Des éditeurs historiques en difficulté
Le montant du rachat est le plus élevé jamais atteint pour un éditeur de jeux pour mobile, et considéré par la plupart des analystes comme au-dessus du marché – en 2015, l’entreprise était évaluée à environ 4,5 milliards d’euros. Le précédent record avait été établi par Activision Blizzard, qui avait déboursé 5,2 milliards d’euros en 2015 pour s’offrir King Digital, l’éditeur de Candy Crush.
Mais ces rachats élevés sont loin d’être toujours couronnés de succès. Confrontés à la difficulté de se renouveler, voire de sortir un « deuxième succès », les éditeurs et studios de jeux pour mobile restent des investissements risqués. En 2011, Electronic Arts avait racheté PopCap Games (Plants vs Zombies) pour 1,15 milliard d’euros. Malgré le succès de ses premiers titres, PopCap Games a dû licencier 50 employés en 2012, puis fermer son studio de développement irlandais.
Plusieurs autres grandes gloires du jeu sur mobile sont également dans des passes difficiles. Zynga, l’éditeur de Farmville, l’un des plus grands succès des jeux sur Facebook et sur téléphone, a vu en 2014 son nombre de joueurs actifs quotidiens chuter de moitié, passant de 53 à 28 millions. L’éditeur avait alors procédé à des licenciements, mais la situation ne s’est guère améliorée – début 2016, il a mis en vente son siège. Rovio, autre éditeur mondialement connu pour sa série Angry Birds – qui a totalisé plus de 1 milliard de téléchargements dans le monde –, est également dans une situation délicate. En 2014 et 2015, ses bénéfices ont fondu, et il a procédé à plusieurs séries de licenciements, poussant deux PDG successifs à la démission en l’espace d’un an.
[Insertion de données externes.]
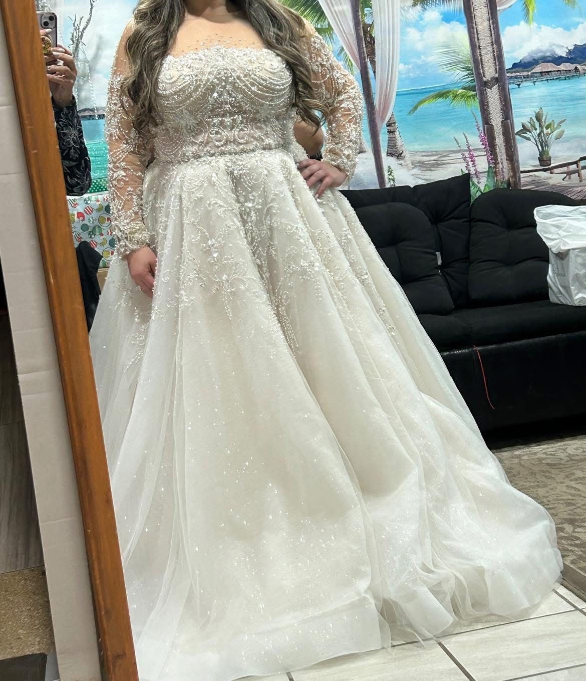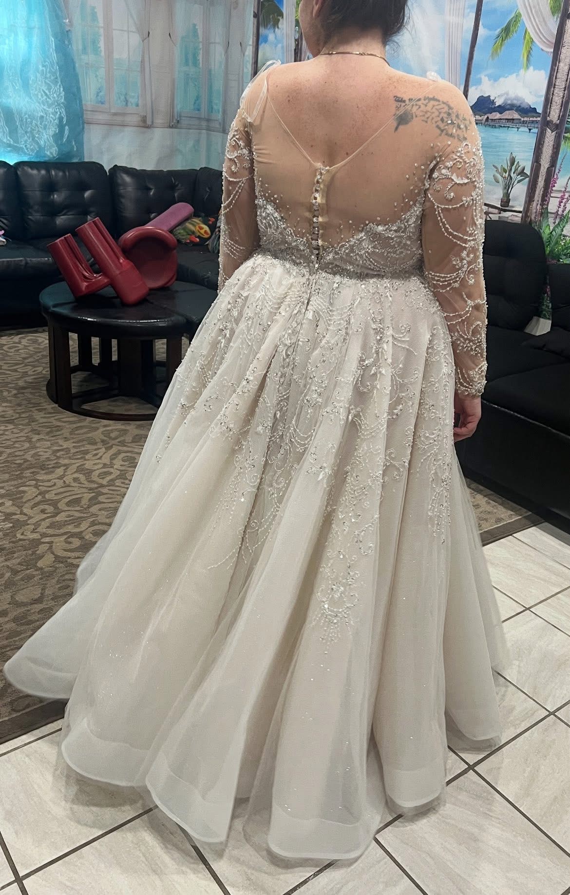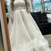 stunning wedding dress—a showstopper. Has been slightly altered, bust taken in and hemmed. Alterations were tacked some there is room for everything to be let out a bit. Never worn, picked a different dress.

Supercell estime avoir les outils pour ne pas connaître le déclin de ses concurrents, notamment parce que l’entreprise a toujours cherché à concevoir des jeux ayant une longue durée de vie. « Ce rachat va nous permettre d’atteindre l’avenir dont nous avons toujours rêvé », a dit le PDG de l’entreprise, Ilkka Paananen, qui voit dans le marché chinois un ample réservoir de nouveaux joueurs. Le président de Tencent, Martin Lau, a, de son côté, promis que le studio finlandais conserverait son indépendance créative.